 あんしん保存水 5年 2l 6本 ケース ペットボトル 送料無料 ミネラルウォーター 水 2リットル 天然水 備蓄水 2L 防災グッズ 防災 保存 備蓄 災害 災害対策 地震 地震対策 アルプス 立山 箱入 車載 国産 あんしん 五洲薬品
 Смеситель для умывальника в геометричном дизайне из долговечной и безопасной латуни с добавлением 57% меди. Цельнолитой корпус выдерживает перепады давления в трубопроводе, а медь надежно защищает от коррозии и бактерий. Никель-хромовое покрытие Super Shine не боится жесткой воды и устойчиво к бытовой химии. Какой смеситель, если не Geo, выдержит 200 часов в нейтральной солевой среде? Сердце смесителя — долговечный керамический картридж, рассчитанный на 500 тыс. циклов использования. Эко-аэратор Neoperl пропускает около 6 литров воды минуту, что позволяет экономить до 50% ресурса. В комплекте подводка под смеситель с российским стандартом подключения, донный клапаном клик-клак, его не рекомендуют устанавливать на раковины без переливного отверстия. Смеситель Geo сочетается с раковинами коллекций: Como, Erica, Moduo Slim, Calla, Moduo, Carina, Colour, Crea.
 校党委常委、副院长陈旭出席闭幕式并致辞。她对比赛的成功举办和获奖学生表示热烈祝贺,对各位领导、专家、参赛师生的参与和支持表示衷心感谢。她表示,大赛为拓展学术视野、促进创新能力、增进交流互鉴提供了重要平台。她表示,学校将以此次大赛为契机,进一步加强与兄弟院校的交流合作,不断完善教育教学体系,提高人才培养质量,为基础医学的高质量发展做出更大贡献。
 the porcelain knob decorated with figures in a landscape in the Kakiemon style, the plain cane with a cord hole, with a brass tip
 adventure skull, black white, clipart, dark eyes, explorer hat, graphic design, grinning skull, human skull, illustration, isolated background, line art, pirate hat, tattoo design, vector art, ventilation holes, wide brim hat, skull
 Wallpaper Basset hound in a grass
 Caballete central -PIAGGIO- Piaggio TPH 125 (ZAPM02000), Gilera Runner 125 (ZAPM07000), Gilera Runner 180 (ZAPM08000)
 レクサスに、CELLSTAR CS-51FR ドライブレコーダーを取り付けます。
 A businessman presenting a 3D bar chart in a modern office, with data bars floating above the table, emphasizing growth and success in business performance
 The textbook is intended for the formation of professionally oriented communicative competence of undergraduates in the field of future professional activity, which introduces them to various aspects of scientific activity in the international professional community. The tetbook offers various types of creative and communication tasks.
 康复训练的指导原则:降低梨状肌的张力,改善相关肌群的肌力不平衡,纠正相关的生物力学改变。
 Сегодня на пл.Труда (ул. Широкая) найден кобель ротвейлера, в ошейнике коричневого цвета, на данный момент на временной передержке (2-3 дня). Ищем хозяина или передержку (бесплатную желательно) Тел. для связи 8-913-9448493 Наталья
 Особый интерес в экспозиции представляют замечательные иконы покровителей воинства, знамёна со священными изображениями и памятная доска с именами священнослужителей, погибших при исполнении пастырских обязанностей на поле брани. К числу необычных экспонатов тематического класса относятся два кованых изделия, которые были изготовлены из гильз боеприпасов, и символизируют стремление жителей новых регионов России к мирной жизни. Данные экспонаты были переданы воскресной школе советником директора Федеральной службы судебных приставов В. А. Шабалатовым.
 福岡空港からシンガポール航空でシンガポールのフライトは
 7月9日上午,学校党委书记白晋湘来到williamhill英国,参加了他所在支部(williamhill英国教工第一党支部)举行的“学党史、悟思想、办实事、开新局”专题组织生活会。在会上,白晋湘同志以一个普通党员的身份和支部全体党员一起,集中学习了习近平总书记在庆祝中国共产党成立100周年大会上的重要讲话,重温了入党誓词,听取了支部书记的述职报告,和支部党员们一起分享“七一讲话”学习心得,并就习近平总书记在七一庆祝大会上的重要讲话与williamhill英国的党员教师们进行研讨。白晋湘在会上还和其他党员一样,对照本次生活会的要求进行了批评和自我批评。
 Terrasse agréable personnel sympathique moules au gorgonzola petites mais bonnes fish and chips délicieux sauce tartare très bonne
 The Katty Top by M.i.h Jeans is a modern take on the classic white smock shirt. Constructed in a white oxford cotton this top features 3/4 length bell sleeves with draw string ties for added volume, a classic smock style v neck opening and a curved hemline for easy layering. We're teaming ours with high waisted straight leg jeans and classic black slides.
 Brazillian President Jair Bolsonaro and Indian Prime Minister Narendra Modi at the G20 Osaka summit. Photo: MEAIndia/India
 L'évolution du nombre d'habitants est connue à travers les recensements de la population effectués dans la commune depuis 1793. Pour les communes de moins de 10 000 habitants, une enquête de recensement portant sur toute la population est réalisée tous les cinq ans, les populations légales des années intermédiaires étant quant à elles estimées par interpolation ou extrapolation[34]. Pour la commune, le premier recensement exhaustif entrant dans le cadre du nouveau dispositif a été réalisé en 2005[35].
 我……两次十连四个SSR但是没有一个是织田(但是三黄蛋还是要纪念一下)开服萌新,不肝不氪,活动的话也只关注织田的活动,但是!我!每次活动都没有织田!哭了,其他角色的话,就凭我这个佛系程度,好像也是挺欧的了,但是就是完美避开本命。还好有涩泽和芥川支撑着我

• • • • • • •

(Work task): Reproduce the material above without altering a single character.

(Exercise solution):
 あんしん保存水 5年 2l 6本 ケース ペットボトル 送料無料 ミネラルウォーター 水 2リットル 天然水 備蓄水 2L 防災グッズ 防災 保存 備蓄 災害 災害対策 地震 地震対策 アルプス 立山 箱入 車載 国産 あんしん 五洲薬品
 Смеситель для умывальника в геометричном дизайне из долговечной и безопасной латуни с добавлением 57% меди. Цельнолитой корпус выдерживает перепады давления в трубопроводе, а медь надежно защищает от коррозии и бактерий. Никель-хромовое покрытие Super Shine не боится жесткой воды и устойчиво к бытовой химии. Какой смеситель, если не Geo, выдержит 200 часов в нейтральной солевой среде? Сердце смесителя — долговечный керамический картридж, рассчитанный на 500 тыс. циклов использования. Эко-аэратор Neoperl пропускает около 6 литров воды минуту, что позволяет экономить до 50% ресурса. В комплекте подводка под смеситель с российским стандартом подключения, донный клапаном клик-клак, его не рекомендуют устанавливать на раковины без переливного отверстия. Смеситель Geo сочетается с раковинами коллекций: Como, Erica, Moduo Slim, Calla, Moduo, Carina, Colour, Crea.
 校党委常委、副院长陈旭出席闭幕式并致辞。她对比赛的成功举办和获奖学生表示热烈祝贺,对各位领导、专家、参赛师生的参与和支持表示衷心感谢。她表示,大赛为拓展学术视野、促进创新能力、增进交流互鉴提供了重要平台。她表示,学校将以此次大赛为契机,进一步加强与兄弟院校的交流合作,不断完善教育教学体系,提高人才培养质量,为基础医学的高质量发展做出更大贡献。
 the porcelain knob decorated with figures in a landscape in the Kakiemon style, the plain cane with a cord hole, with a brass tip
 adventure skull, black white, clipart, dark eyes, explorer hat, graphic design, grinning skull, human skull, illustration, isolated background, line art, pirate hat, tattoo design, vector art, ventilation holes, wide brim hat, skull
 Wallpaper Basset hound in a grass
 Caballete central -PIAGGIO- Piaggio TPH 125 (ZAPM02000), Gilera Runner 125 (ZAPM07000), Gilera Runner 180 (ZAPM08000)
 レクサスに、CELLSTAR CS-51FR ドライブレコーダーを取り付けます。
 A businessman presenting a 3D bar chart in a modern office, with data bars floating above the table, emphasizing growth and success in business performance
 The textbook is intended for the formation of professionally oriented communicative competence of undergraduates in the field of future professional activity, which introduces them to various aspects of scientific activity in the international professional community. The tetbook offers various types of creative and communication tasks.
 康复训练的指导原则:降低梨状肌的张力,改善相关肌群的肌力不平衡,纠正相关的生物力学改变。
 Сегодня на пл.Труда (ул. Широкая) найден кобель ротвейлера, в ошейнике коричневого цвета, на данный момент на временной передержке (2-3 дня). Ищем хозяина или передержку (бесплатную желательно) Тел. для связи 8-913-9448493 Наталья
 Особый интерес в экспозиции представляют замечательные иконы покровителей воинства, знамёна со священными изображениями и памятная доска с именами священнослужителей, погибших при исполнении пастырских обязанностей на поле брани. К числу необычных экспонатов тематического класса относятся два кованых изделия, которые были изготовлены из гильз боеприпасов, и символизируют стремление жителей новых регионов России к мирной жизни. Данные экспонаты были переданы воскресной школе советником директора Федеральной службы судебных приставов В. А. Шабалатовым.
 福岡空港からシンガポール航空でシンガポールのフライトは
 7月9日上午,学校党委书记白晋湘来到williamhill英国,参加了他所在支部(williamhill英国教工第一党支部)举行的“学党史、悟思想、办实事、开新局”专题组织生活会。在会上,白晋湘同志以一个普通党员的身份和支部全体党员一起,集中学习了习近平总书记在庆祝中国共产党成立100周年大会上的重要讲话,重温了入党誓词,听取了支部书记的述职报告,和支部党员们一起分享“七一讲话”学习心得,并就习近平总书记在七一庆祝大会上的重要讲话与williamhill英国的党员教师们进行研讨。白晋湘在会上还和其他党员一样,对照本次生活会的要求进行了批评和自我批评。
 Terrasse agréable personnel sympathique moules au gorgonzola petites mais bonnes fish and chips délicieux sauce tartare très bonne
 The Katty Top by M.i.h Jeans is a modern take on the classic white smock shirt. Constructed in a white oxford cotton this top features 3/4 length bell sleeves with draw string ties for added volume, a classic smock style v neck opening and a curved hemline for easy layering. We're teaming ours with high waisted straight leg jeans and classic black slides.
 Brazillian President Jair Bolsonaro and Indian Prime Minister Narendra Modi at the G20 Osaka summit. Photo: MEAIndia/India
 L'évolution du nombre d'habitants est connue à travers les recensements de la population effectués dans la commune depuis 1793. Pour les communes de moins de 10 000 habitants, une enquête de recensement portant sur toute la population est réalisée tous les cinq ans, les populations légales des années intermédiaires étant quant à elles estimées par interpolation ou extrapolation[34]. Pour la commune, le premier recensement exhaustif entrant dans le cadre du nouveau dispositif a été réalisé en 2005[35].
 我……两次十连四个SSR但是没有一个是织田(但是三黄蛋还是要纪念一下)开服萌新,不肝不氪,活动的话也只关注织田的活动,但是!我!每次活动都没有织田!哭了,其他角色的话,就凭我这个佛系程度,好像也是挺欧的了,但是就是完美避开本命。还好有涩泽和芥川支撑着我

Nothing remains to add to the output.